Vittjärvs IK
- Full name: Vittjärvs Idrottsklubb
- Founded: 1924
- Ground: Tjärnbacken Vittjärv Boden Sweden
- Chairman: Martin Olofsson
- League: Division 5 Norrbotten Mellersta
| Home colours | Away colours |

= Vittjärvs IK =

Swedish football club

Vittjärvs IK is a Swedish football club located in Boden.

==Background==
Vittjärvs IK currently plays in Division 5 Norrbotten Norra which is the seventh tier of Swedish football. They play their home matches at the Tjärnbacken Vittjärv in Boden.

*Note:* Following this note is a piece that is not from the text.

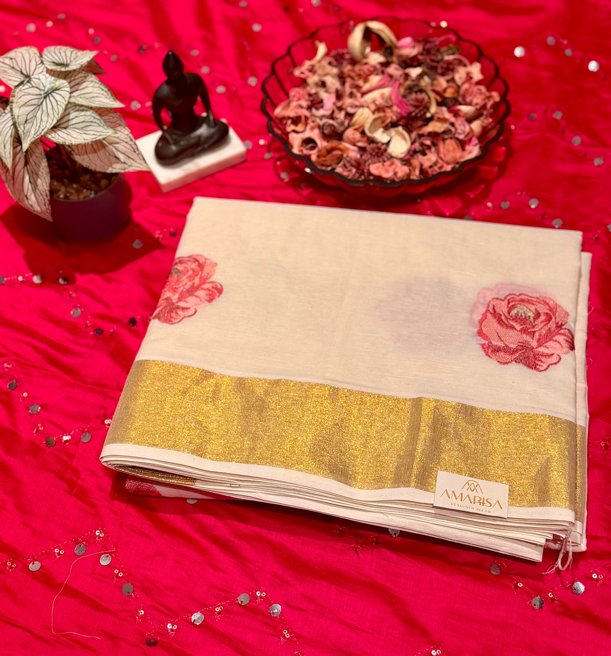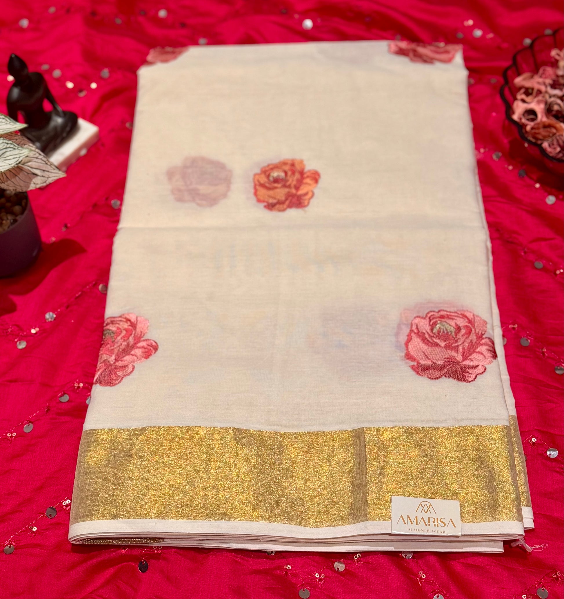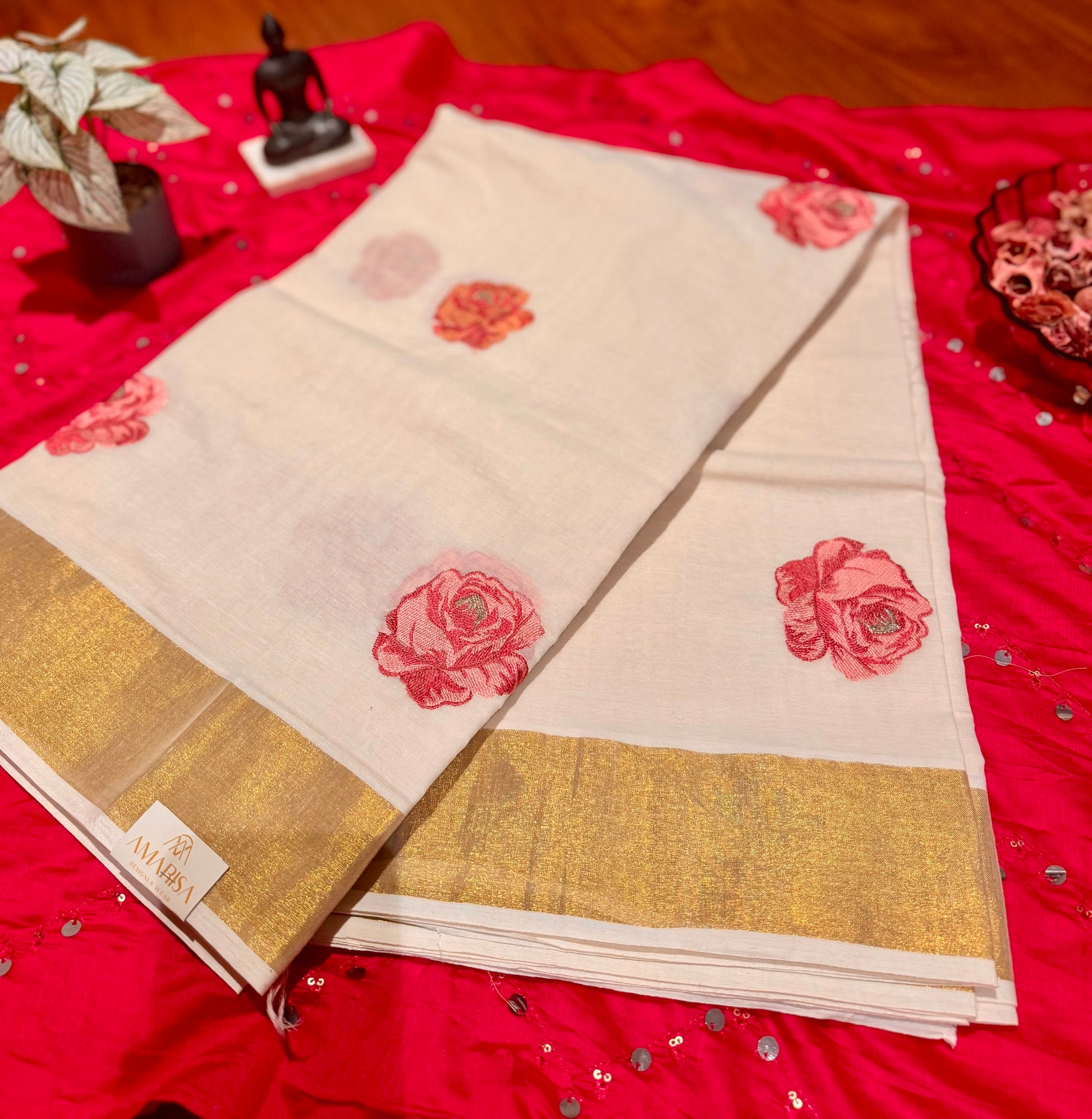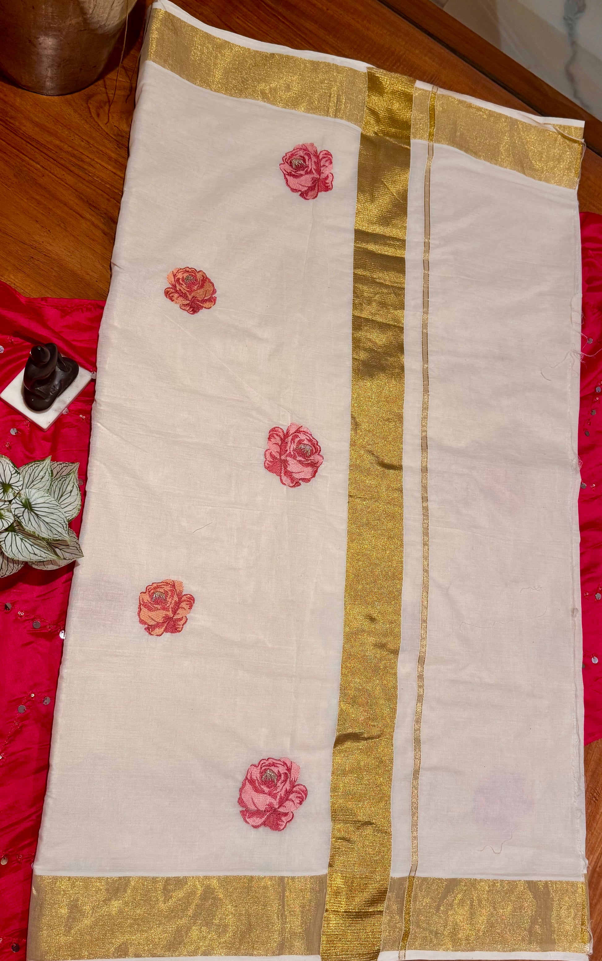 Embrace timeless tradition with a touch of modern charm in this beautiful Kerala tissue cotton saree. Crafted in a classic off-white base, the saree features delicate rose flower embroidery in vibrant shades of pink and red, adding a graceful feminine touch. The broad golden zari border enhances its festive elegance, making it perfect for traditional occasions, temple visits, and cultural celebrations. Lightweight and breathable, this saree is ideal for all-day comfort with effortless style.

The club is affiliated to Norrbottens Fotbollförbund.

==Season to season==

In their most successful period Vittjärvs IK competed in the following divisions:

| Season | Level | Division | Section | Position | Movements |
|---|---|---|---|---|---|
| 1961 | Tier 4 | Division 4 | Norrbotten Södra | 5th |  |
| 1962 | Tier 4 | Division 4 | Norrbotten Södra | 7th |  |
| 1963 | Tier 4 | Division 4 | Norrbotten Södra | 1st | Promoted |
| 1964 | Tier 3 | Division 3 | Norra Norrland Övre | 7th |  |
| 1965 | Tier 3 | Division 3 | Norra Norrland Övre | 4th |  |
| 1966 | Tier 3 | Division 3 | Norra Norrland Övre | 5th |  |
| 1967 | Tier 3 | Division 3 | Norra Norrland Övre | 10th | Relegated |
| 1968 | Tier 4 | Division 4 | Norrbotten Södra | 9th | Relegated |

In recent seasons Vittjärvs IK have competed in the following divisions:

| Season | Level | Division | Section | Position | Movements |
|---|---|---|---|---|---|
| 1999 | Tier 6 | Division 5 | Norrbotten Mellersta | 1st | Promoted |
| 2000 | Tier 5 | Division 4 | Norrbotten Södra | 6th |  |
| 2001 | Tier 5 | Division 4 | Norrbotten Södra | 7th |  |
| 2002 | Tier 5 | Division 4 | Norrbotten Södra | 7th |  |
| 2003 | Tier 5 | Division 4 | Norrbotten Södra | 9th | Relegated |
| 2004 | Tier 6 | Division 5 | Norrbotten Mellersta | 2nd | Promoted |
| 2005 | Tier 5 | Division 4 | Norrbotten Södra | 4th |  |
| 2006* | Tier 6 | Division 4 | Norrbotten Södra | 11th | Relegated |
| 2007 | Tier 7 | Division 5 | Norrbotten Södra | 5th |  |
| 2008 | Tier 7 | Division 5 | Norrbotten Södra | 3rd |  |
| 2009 | Tier 7 | Division 5 | Norrbotten Norra | 3rd |  |
| 2010 | Tier 7 | Division 5 | Norrbotten Norra | 2nd | Promoted |
| 2011 | Tier 6 | Division 4 | Norrbotten Norra | 10th | Relegated |

- League restructuring in 2006 resulted in a new division being created at Tier 3 and subsequent divisions dropping a level.